*Task statement*. Print nothing except the line holding "Veste saharienne Comptoir" and the lines that come after it in the material below, and leave the pictures out.

*Data block*.
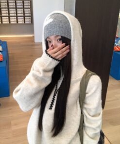 Vapetix Free Size-Free Size Women’s Hooded Sweater for Autumn/Winter Outfit – Casual and Chic Long-Sleeve Top – Unique and Non-
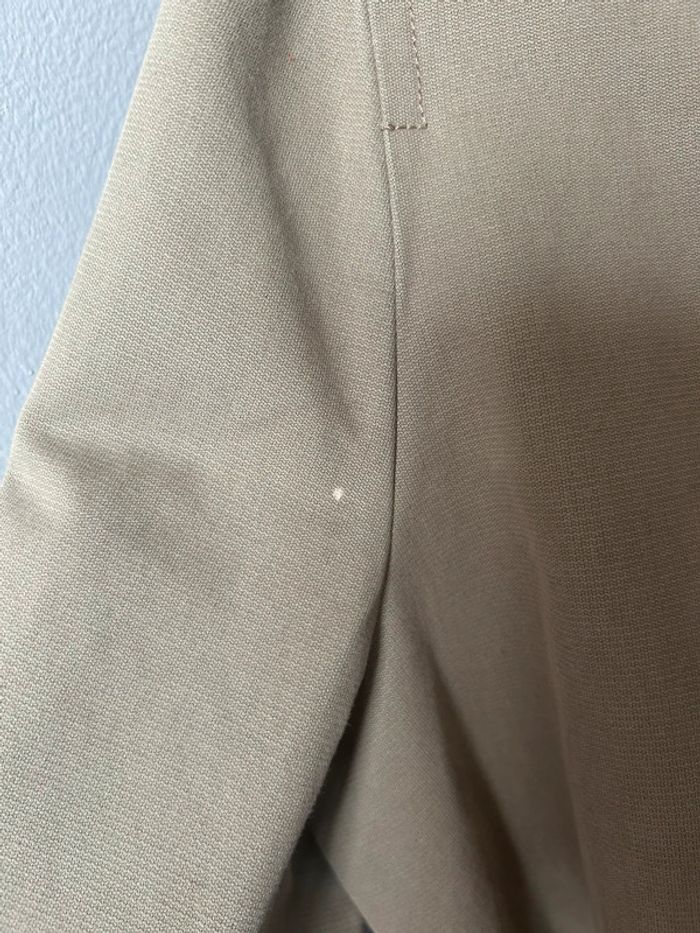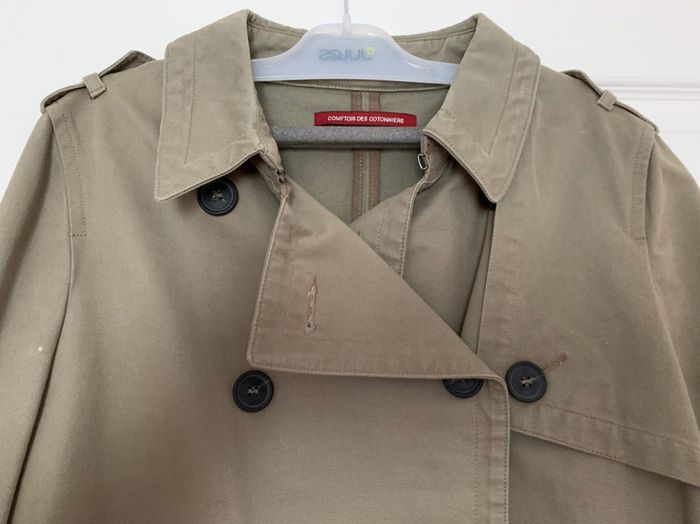 Veste saharienne Comptoir des Cotonniers Taille 42 Modèle Clock coloris beige / kaki manches 3/4 Très peu portée, a été lavée au pressing. en parfait état. Une petite tache décolorée a signaler (visible sur les photos) #comptoirdescotonniers #saharienne #sable #coton #ceinture
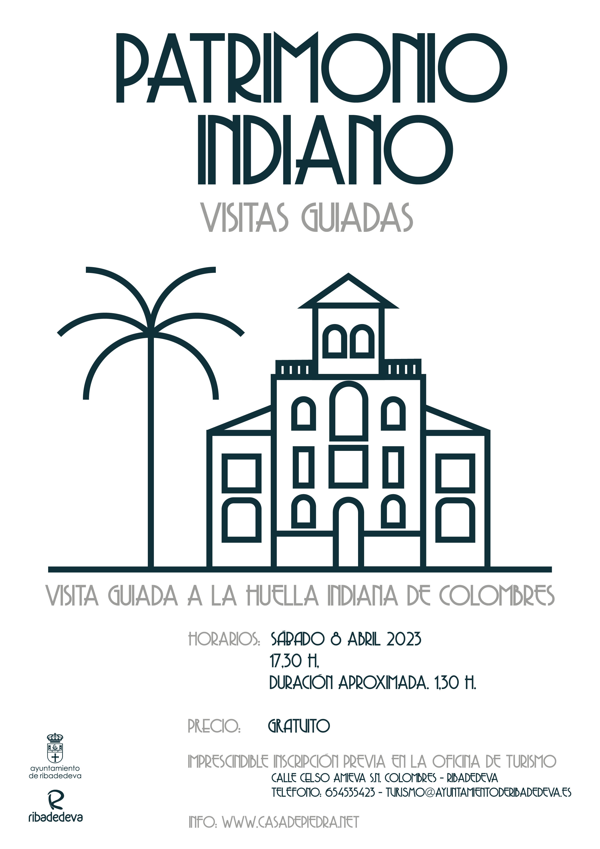 - Lugar: Salidas desde la entrada del Archivo de Indianos. Imprescindible inscripción en la Oficina de Turismo. 654535423- turismo@ayuntamientoderibadedeva.es

*Response below*.
 Veste saharienne Comptoir des Cotonniers Taille 42 Modèle Clock coloris beige / kaki manches 3/4 Très peu portée, a été lavée au pressing. en parfait état. Une petite tache décolorée a signaler (visible sur les photos) #comptoirdescotonniers #saharienne #sable #coton #ceinture
 - Lugar: Salidas desde la entrada del Archivo de Indianos. Imprescindible inscripción en la Oficina de Turismo. 654535423- turismo@ayuntamientoderibadedeva.es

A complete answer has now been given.